Looking back, when we tally the figures provided by notoriously unreliable contemporary sources for the amount of death and mayhem caused in the frontier war, the approximate number of twenty to thirty thousand casualties make these times the equivalent of the Indian Wars of Wild West notoriety. It seems that Australia did not miss out on a conflict in which an imperial power, with superior armaments, defeated and subjugated an indigenous people. The question Reynolds ponders is whether or not the combatants of the time actually regarded what was happening as ‘war’. Reynolds leaves us with little doubt that, from the colonial administration down, they did. He enlists much historical notation to prove his point. This was no quick victory though. In many areas the locals did not put away their spears and waddies easily; organising opposition to the invaders that lasted right through till the 1930’s, only twenty years before I entered the world. That is a sobering thought. No state or territory was spared. There has been a ‘great Australian silence’ on the matter, but now the ‘whispering in our hearts’ has been frog marched out into the open. We finally have made a start on putting these matters to right, but I doubt that in my lifetime names such as Pemulwuy, Mosquito and Jandamarra will be as venerated as those of Monash, Morshead and Blamey.
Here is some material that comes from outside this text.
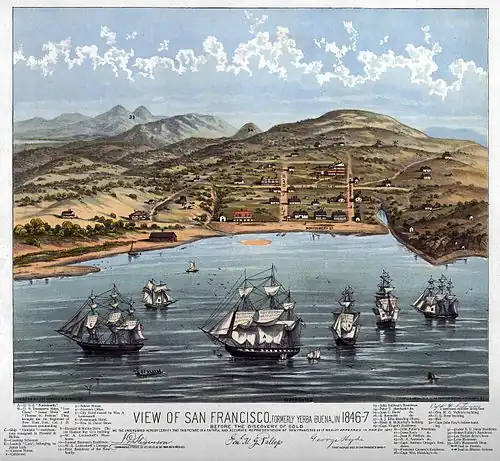 - View of San Francisco, formerly Yerba Buena, in 1846-7 before the discovery of gold — A panoramic map of Yerba Buena Cove and early San Francisco; American Memory Map Collections, Library of Congress.

Australia is an unusual country in that it takes as ‘its coming of age’ a military defeat on a far away foreign shore, as well as its national day being the moment the country was invaded, leading to another defeat; that of our native peoples. In my view, neither event is something we should be inordinately proud of – but if one is seared into our collective consciousness, it is only right and proper that so should the other. Henry Reynolds is doing his bit to ensure that happens.